The stage was won by Gilbert with a time of 2 h 4 min 25 s. Roland Garros was second (2 h 10 min 21 s) and Vidart third (2 h 17 min 20 s).

==Utrecht-Brussels==
The fourth stage was to have started on 24 June. However, although the organisers decided that weather conditions were suitable the pilots disagreed, and hauled down the white flag that had been hoisted as the signal that flying would take place. It was immediately rehoisted but the pilots refused to fly, saying that they would reconsider their position later. Weather conditions did not improve, and the start was postponed. The weather did not clear until 26 June.

==Brussels-Roubaix==
Nine pilots started the stage on 28 June, Weyman having withdrawn from the race in order to take part in the Gordon Bennett Trophy race.
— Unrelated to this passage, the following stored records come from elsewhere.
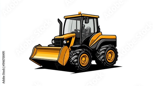 © kucret, Naklejka premium Yellow and black tractor with a bulldozer blade, isolated on white background.
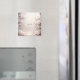 It was a bit smaller than expected, but I was too excited to check dimensions. The product itself send well printed though the grey text is a bit paint. Magnet worked perfectly on my fridge.
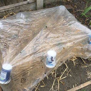 しばらくは好天気☀️続きでしたが、今日(イギリスはまだ火曜日です)から気温が下がり始め最高気温は10度、最低5度🥶。そのため種から育てた地植えのミニトマト🍅にビニールシートをかぶせました❗️ 剪定した木の枝を土に刺し、ビニールが破れないようプラスチック容器をかぶせ、端を石で固定✨。 何かを購入した時に商品が入ってた袋を切り広げて穴を開けたものですが、横幅がないので冷たい空気が入りそう😅 去年使用したのを取っておいたのですが今年も活躍してくれるかな❗️💫
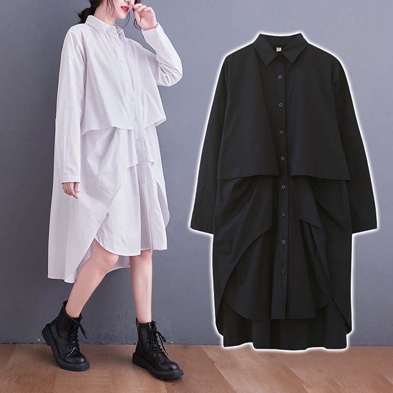 シャツワンピース 夏 ロング 長袖 きれいめ レディース 大きいサイズ インレギュラー デザイン感 折り襟 無地 ワンピース 夏 レディース きれいめ 膝丈 ワンサイズ フリーサイズ
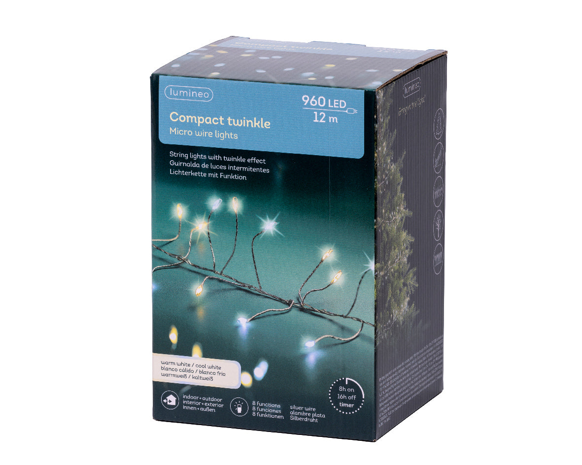 FILO LUCI COMPACT TWINKLE 960LED 12M LUCE CALDA LUCE FREDDA
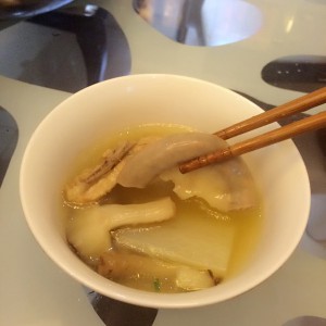 家里还有几个香菇~~我也放进去了,熬到一半的时间就闻到香味了,跟粤味的汤完全不一样的感觉~
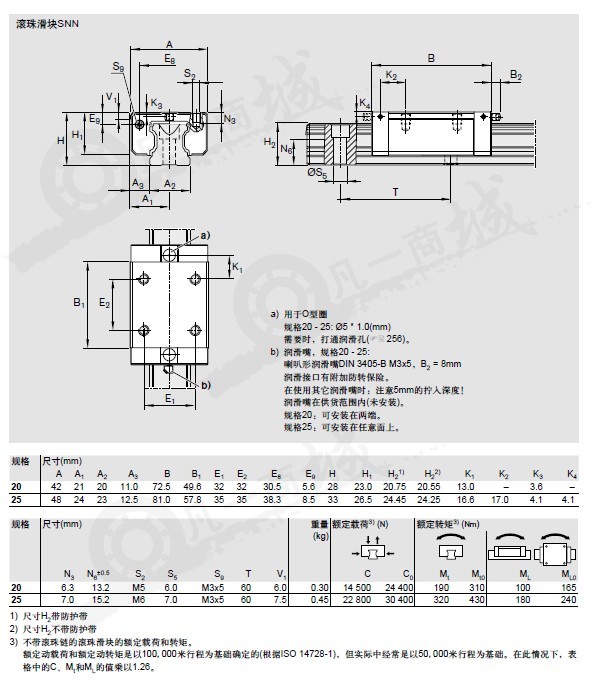 加裝件可以從滾珠滑塊的上面或下面通過(guò)螺紋連接安裝1)
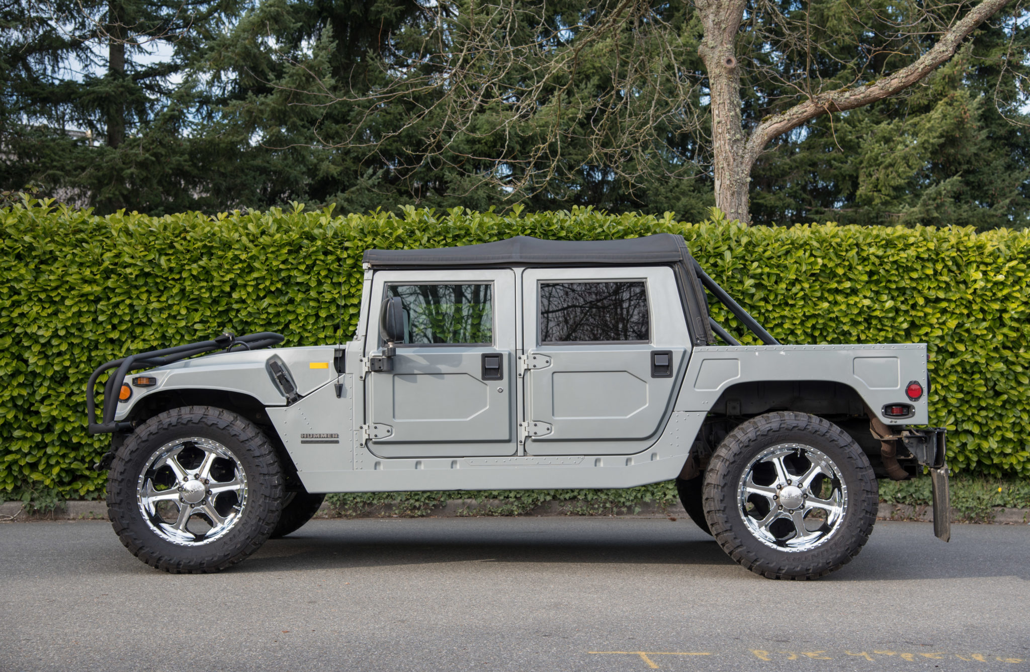 Aftermarket 22″ chrome wheels are wrapped in Toyo Open Country M/T tires sized 37×13.50″. The four-wheel independent suspension features coil springs and portal axles. Inboard disc brakes are present at each corner, which the seller states have 15% pad life remaining. The TT4 light is noted to be illuminated. The factory wheels and tires are also included in the sale.
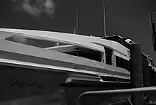 A close up quartering view of Grey Lady at dock
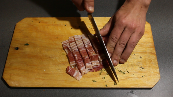 Переходим к самой вкусной части готовки, конечно же к нарезке бекона, бекон нарезаем небольшими кусочками, но никак не в труху. Дабы удешевить данный рецепт, можно использовать вместо бекона, цена на который кусается, мелко, ОЧЕНЬ МЕЛКО, нарезанное сало или ешё что-нибудь, пишите свои варианты в комменты.
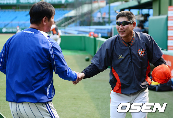 29일 오후 대전 한밭구장에서 열리는 '2012 팔도 프로야구' 한화 이글스와 삼성 라이온즈의 경기 시작전 류중일 감독과 한대화 감독이 악수를 나누고 있다.
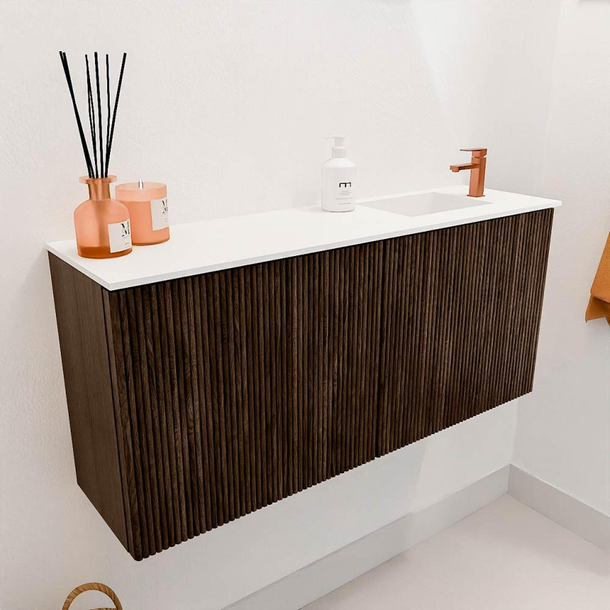 La couleur chaude noyer et l'utilisation de chêne massif sur la façade donnent au meuble un aspect luxueux qui attire immédiatement l'attention. Ce matériau naturel assure une élégance intemporelle qui s'adapte sans effort à différents styles de salle de bains. Grâce à la finition subtile et au design épuré, votre salle de bains devient un lieu dont vous êtes fier. De plus, la combinaison du bois et de la couleur douce de la vasque crée une atmosphère harmonieuse qui invite à la détente.

Védrines won with a time of 58 min, Kimmerlin was second (1 h 11 min) and Garros third. (1 h 15 min)

==Roubaix-Calais==
After a delayed start due to fog at Calais, the stage was won by Védrines in 1 h 16 min, Vidart coming second (1 h 32 min) and "Beaumont" third (1 h 44 min): only three other competitors completed the stage that day.

==Calais-London==
The delayed start of the previous stage caused a postponement until Monday 3 July to avoid interfering with the Gordon Bennett race being held at Eastchurch that weekend. The fastest pilot over the first leg was Gilbert, winning a £100 prize with a time of 37 min 57 s. Beaumont won the Standard prize for the best overall time between Paris and London, and Védrines won the prize for the stage with a time of 2 h 56 min. Vidart was second (3 h 27 min) and Beaumont third (3 h 32 min).

==London-Calais==
Held over two days, the section from Hendon to Dover being made on 6 July. The cross-channel flight from Dover to Calais was held the following day. Ten competitors set off from Hendon: the only one to fail to reach Dover was James Valentine, the only British competitor in the race.
The next day the first of the nine contestants still in the competition taking off at 4.30 am and followed at three-minute intervals by all but one of the others who was slightly delayed by engine trouble. All made the crossing safely.

==Calais-Paris==
Held on 7 July. Lt. Jean Louis Conneau (flying as André Beaumont) completed the circuit with a total flying time of 58 h 36 s, Garros was second (62 h 18 min) and Vidart third (73 h 32 min). The stage was won by Vidart (2 h 33 min 6 s), with Gilbert second (2 h 36 min 40 s) and Garros third (3 h 13 min 49 s).
 In all nine competitors finished the race.